THE FLEET of seven piling rigs at St Pancras - ranging from a hightorque HT55 and BG30, down to low-head tripod units - has virtually formed Bachy Soletanche's entire arsenal of bored piling.The total 2,300 piles were delivered in 10 different diameters, from 270 mm to 2.1 m, and in lengths up to 40 m.
Around 350 mini-piles, averaging 300 mm in diameter, helped support temporary retaining walls, while over a dozen under-reamed piles, with 4.5 m-wide bells, allowed crucial end-bearing piles to stop well short of a major water ring main 30 m deep.
The critical path for the piling crews lay in the completion last month of the Thameslink cofferdam box surrounding a 365 m length of rail tunnel and requiring some 950 contiguous bored piles.The rail blockade from mid-September has allowed immediate excavation of the brick tunnel for conversion into a new underground station.

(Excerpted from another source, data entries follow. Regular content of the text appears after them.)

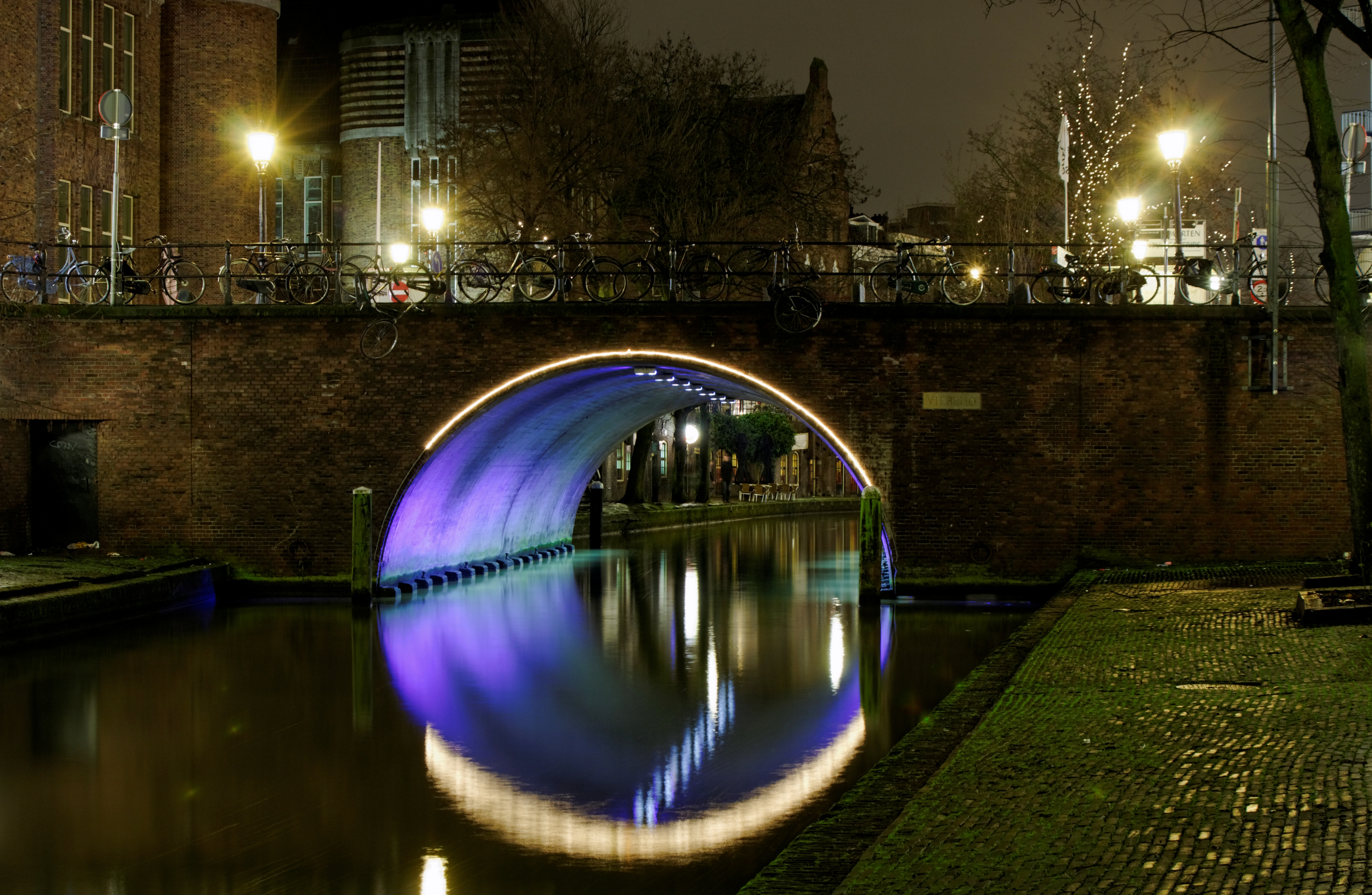 Viebrug Rijksmonument 47073 ZUID Viebrug Rijksmonument 47073 SOUTH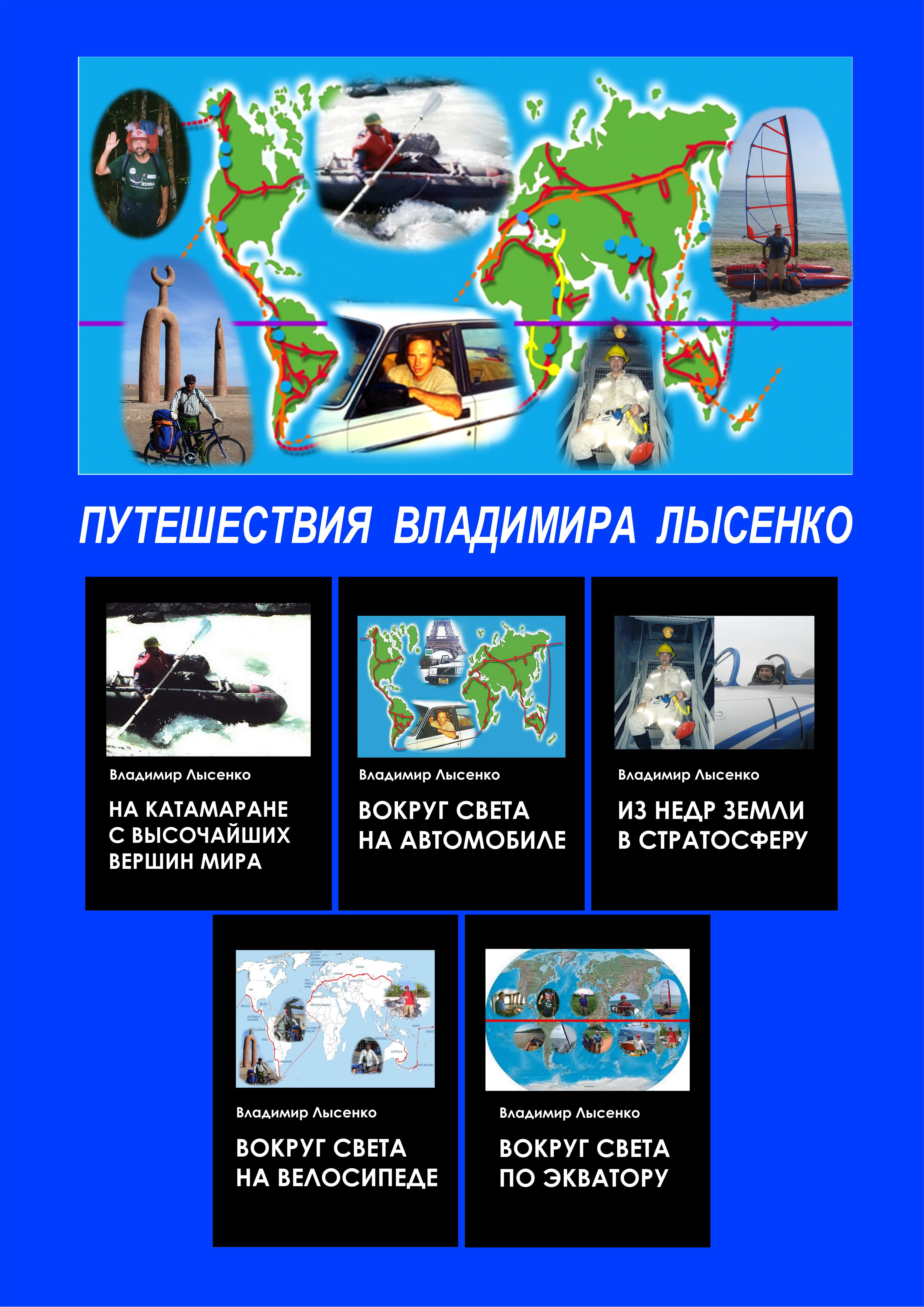 Book “Vladimir Lysenko's travels” (in Russian) by Vladimir Lysenko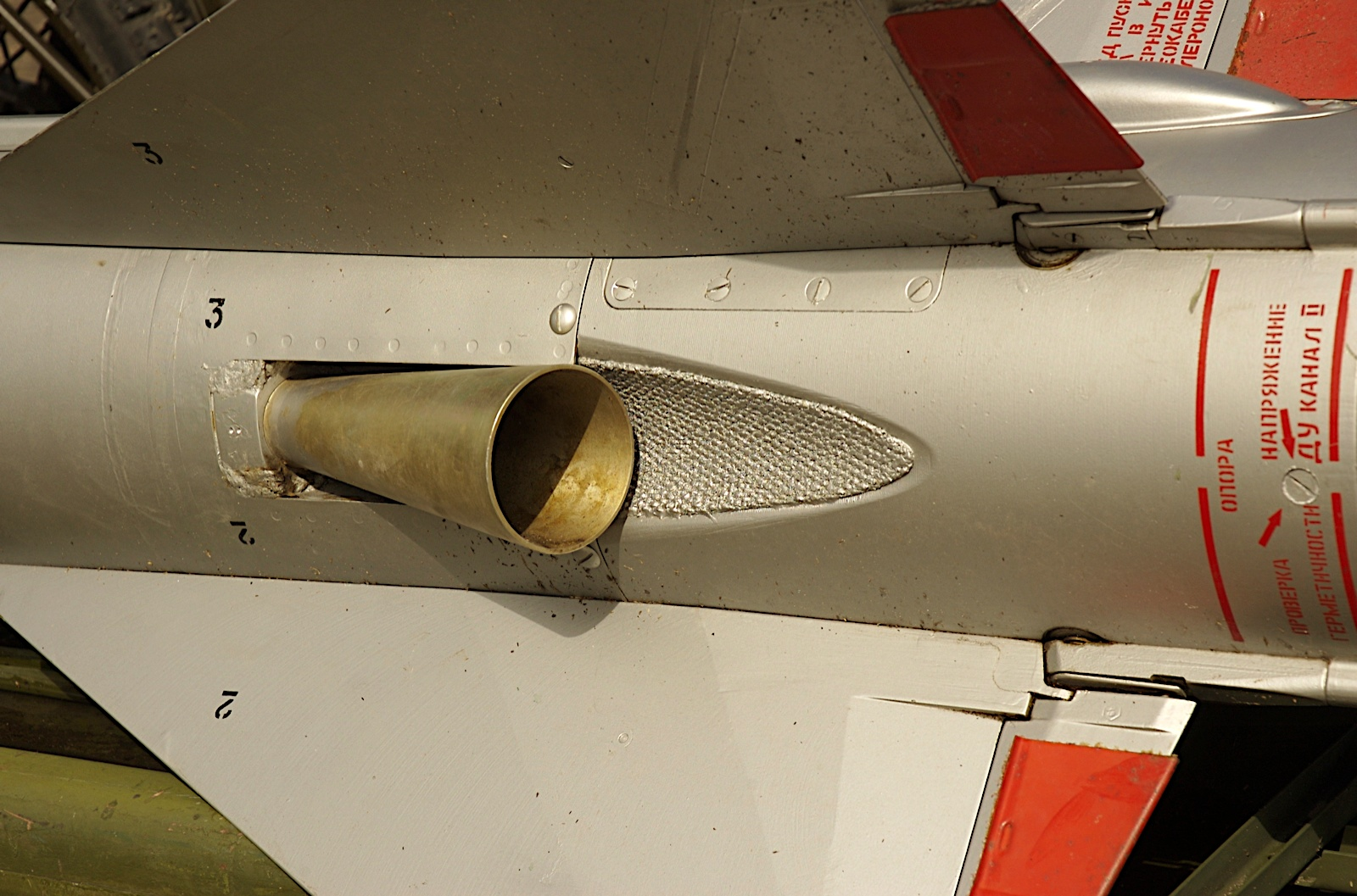 K-5M (AA-1 Alkali) Soviet Air-to-Air Missile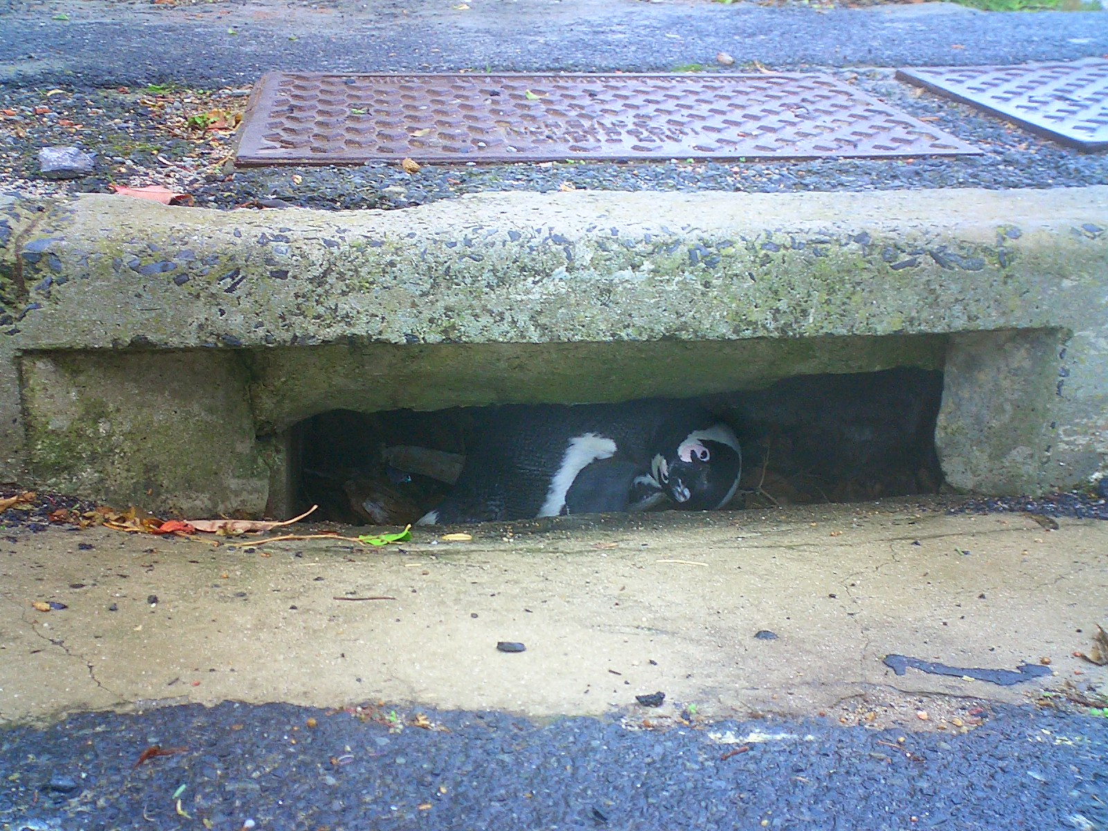 Urban wildlife. The strange places that penguins live! Penguin nesting in a roadside urban storm water drain.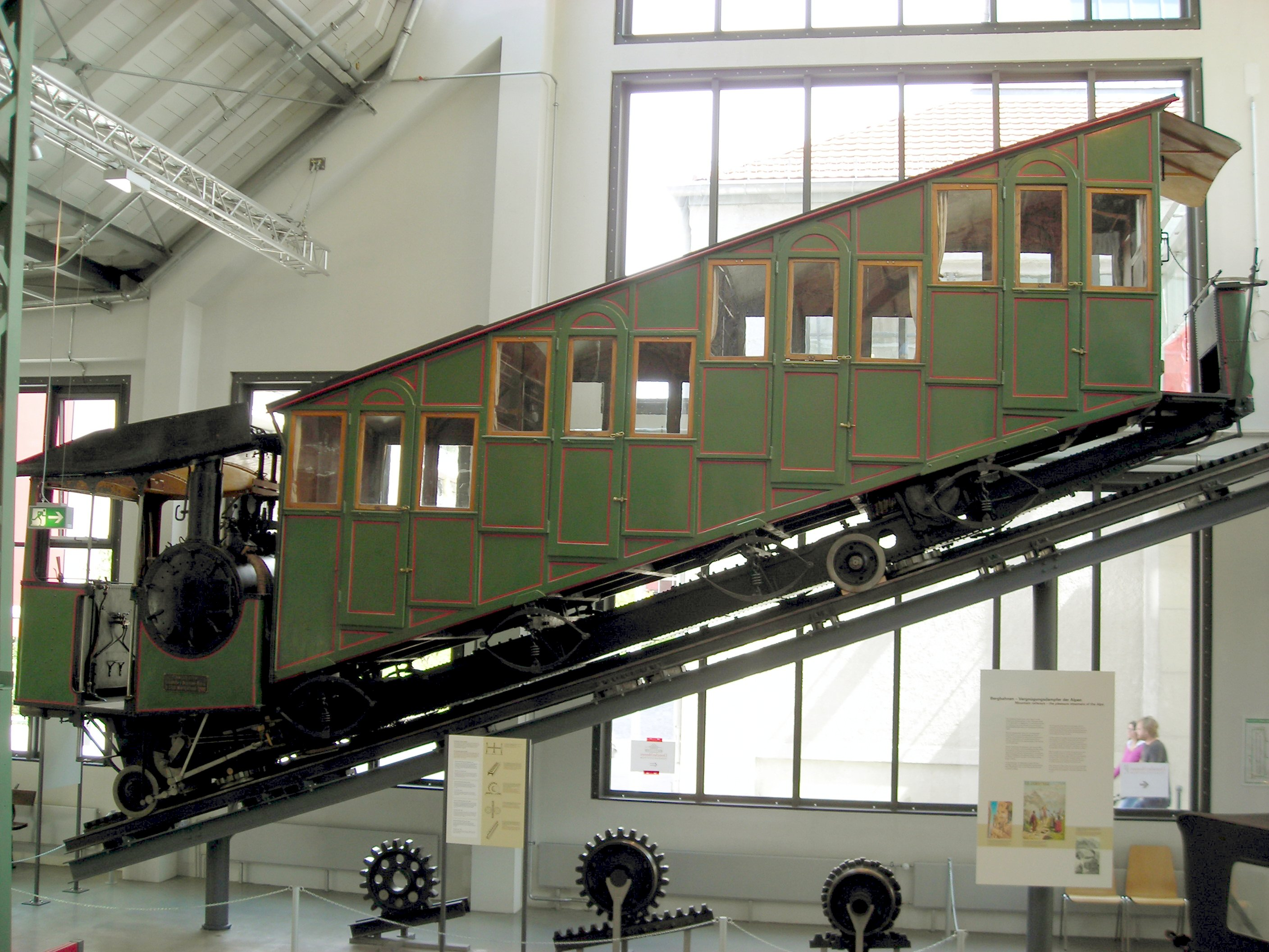 1900 Pilatus Railway, steam engine (Switzerland)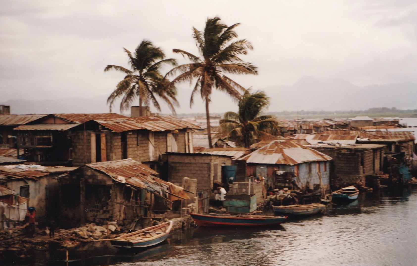 Fishing village in haiti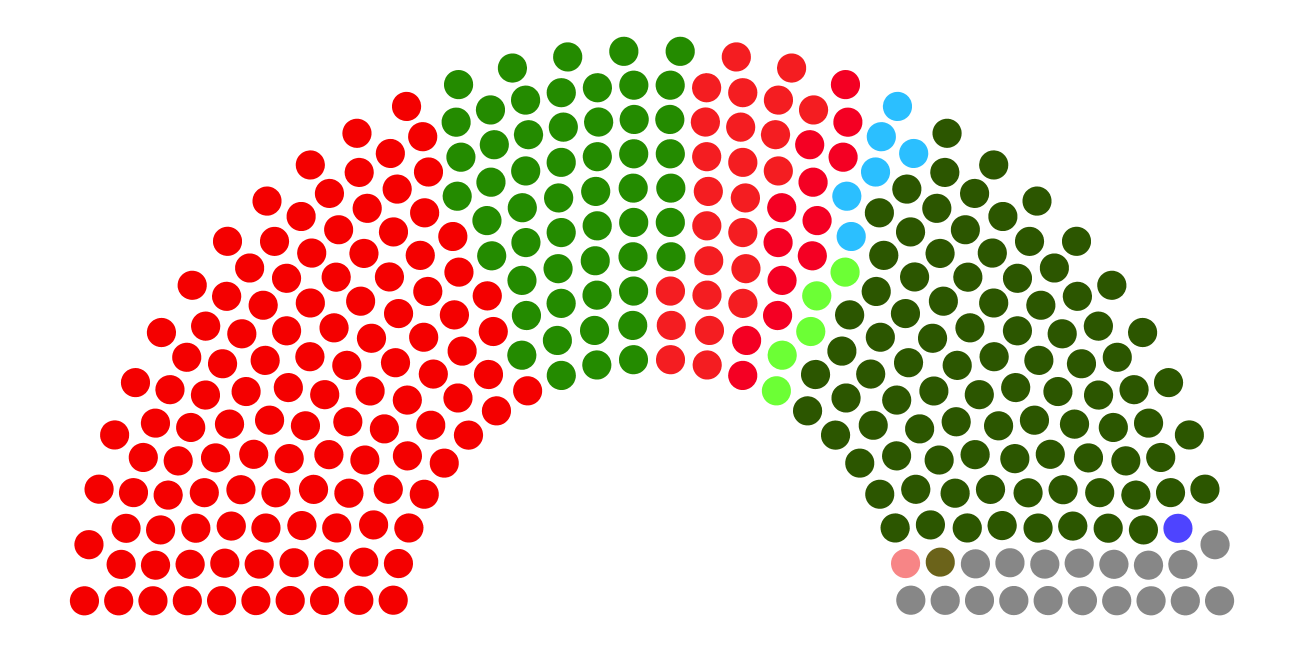 Structure Diagram of the National Assembly of Pakistan as of 2011-11-04

Original thoughts of completing the bulk of the box piling during the rail blockade would have demanded 11 rigs on site simultaneously. But an early start and a switch from planned secant to contiguous piles saw all but a few end piles installed by early September.
Piling was allowed just 300 mm from the live Thameslink tunnel and within 1 m of large, equally live, gas and water mains, but only after lots of 'owner reassurance', including rigorous structure-condition monitoring, trial pits and location probing.
Wet piles were bored through a hydrocarbon polymer fluid.This was used rather than bentonite, which can cake around pile perimeters, affecting capacity.The polymer's long chemical chain formed a mesh around each pile bore, which is then broken down over time, so as not to affect pile strength.
Among the project's last major piles were a cluster of seven up to 1.8 m in diameter.They were bored just a few days ago, about 39 m deep and passing within 2 m of live Tube lines.This was well within the normal exclusion zone for the Underground.To guarantee no distress to the Tube's aged cast-iron lining, RLE spent nearly three years proving its pile design with detailed testing and finite element analysis.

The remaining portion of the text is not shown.